IMS
29.05.2006, 20:08 Uhr
Die stille Netzrevolution
Der Weg zum transparenten Netz ist lang, aber dank IP Multimedia Subsystem (IMS) aussichtsreich.
Kunde «Anspruchsvoll» hat wieder ein diffiziles Problem mit seiner CNC-gesteuerten Fräsmaschine, das der Hersteller doch am besten bereits vorgestern hätte lösen sollen. Kein Wunder, dass die Anfrage den Supportmitarbeiter «Bleibruhig» gehörig ins Schwitzen bringt, zumal Anspruchsvoll als Premium-Kunde eine Reaktionszeit von einer Stunde zugesichert wurde. Und Techniker «Nieerreichbar», der den Kunden betreut, ist mal wieder offline, wie der Helpdesk-Mann auf seinem Bildschirm am rot blinkenden Telefonsymbol erkennt. Doch Rettung verspricht Aussendienstmitarbeiter «Ichkannalles», der sich, wie das Location-Based-Service-System mitteilt, nur zwei Querstrassen vom Kunden entfernt befindet und auch erreichbar ist. Kurz entschlossen verbindet Bleibruhig den Kunden mit dem Aussendienstler per Videocall, damit man ihm das Problem direkt demonstrieren kann. Zwar hat der Techniker keine Schulung für die Maschine, doch vor dem Kundenbesuch schaut er sich im Auto auf seinem UMTS-Handy kurz das entsprechende Wartungsvideo an. Auch das fehlende Diagnosegerät stellt Ichkannalles vor kein unüberwindbares Problem: Als seine Firma im Jahr 2009 ihr Netz zur Multimedia-fähigen IP-Infrastruktur ausbaute, wurden die teuren dedizierten Spezialgeräte abgeschafft. Stattdessen haben die Aussendienstmitarbeiter nun universell einsetzbare Tablet-PC, die per UMTS, WLAN oder Wimax auf die Diagnoseprogramme der Firma zugreifen, die zentral auf einem Server hinterlegt sind. Was sich auf den ersten Blick wie Science Fiction liest, soll spätestens in drei bis fünf Jahren zum Arbeitsalltag gehören, wenn sich das derzeit von der IT-Industrie propagierte Buzzword IMS auch in Form von anwendbarer Technik durchsetzt.

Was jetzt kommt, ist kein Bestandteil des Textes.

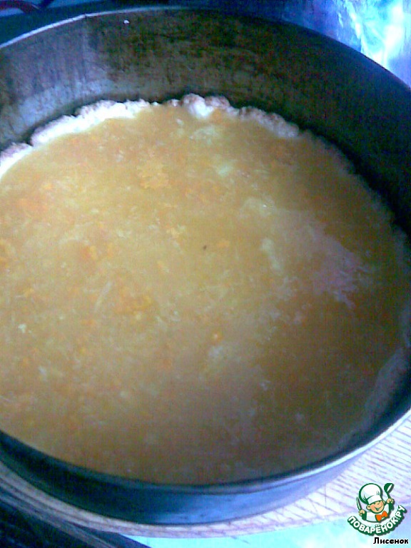Вылить на корж готовое желе и отправить в холодильник до застывания желе(примерно 1 час).
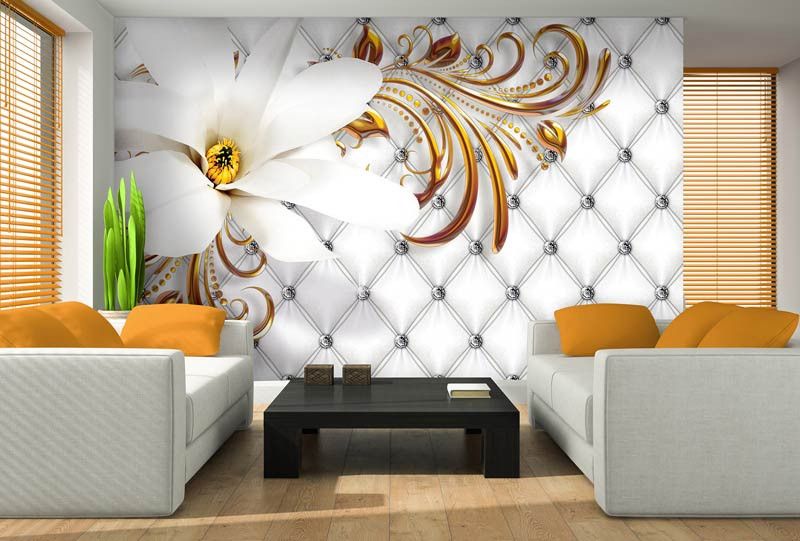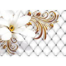 Vlies fotobehang van een prachtig, zilveren en gouden patroon, gecombineerd met een mooie, witte bloem.

Mit dem «IP Multimedia Subsystem» - kurz IMS - soll die Idee der konvergenten IT- und TK-Welten endlich konkrete Formen annehmen. Egal ob über UMTS, WLAN, Wimax oder Festnetz hat der Anwender dann in einer IMS-Umgebung überall und geräteunabhängig Zugriff auf seine Applikationen. Oder wie es Mechthild Behrens, Leiterin Product Management für IMS bei Siemens Communications, formuliert: «IMS ist eine Andockstation für verschiedenste Zugangstechnologien.» Die Anwendung selbst, so die IMS-Marketiers, sitzt dann nicht mehr auf dem Endgerät, sondern läuft auf einem zentralen Server.
Thin Client kommt zurück
Branchenkenner wird gerade der letzte Punkt an eine vor drei bis vier Jahren propagierte Idee erinnern: Das Application-Hosting. Damals sollten Application-Service-Provider Anwendungen als Dienstleistung bereitstellen, die dann der Benutzer mit Thin Clients nutzt. Eine Analogie, die nicht von der Hand zu weisen ist, wie Thomas Leutschacher, IMS-Test-Engineer in Lucents europäischem Forschungscenter, zugibt: «Das Ganze funktionierte aber nicht wirklich, da unter anderem schnelle Netze wie UMTS noch fehlten. Zudem gibt es in der IMS-Welt künftig nur noch ein Protokoll, das den Applikationszugriff steuert. Das ist ein Riesenvorteil.» Dominic McKaye von Cisco sieht noch eine weitere, parallele Entwicklung, die IMS zum Durchbruch verhelfen könnte: «Der Trend der Anwendungsentwickler hin zu Service-orientierten Architekturen (SOA) kommt IMS sehr entgegen.»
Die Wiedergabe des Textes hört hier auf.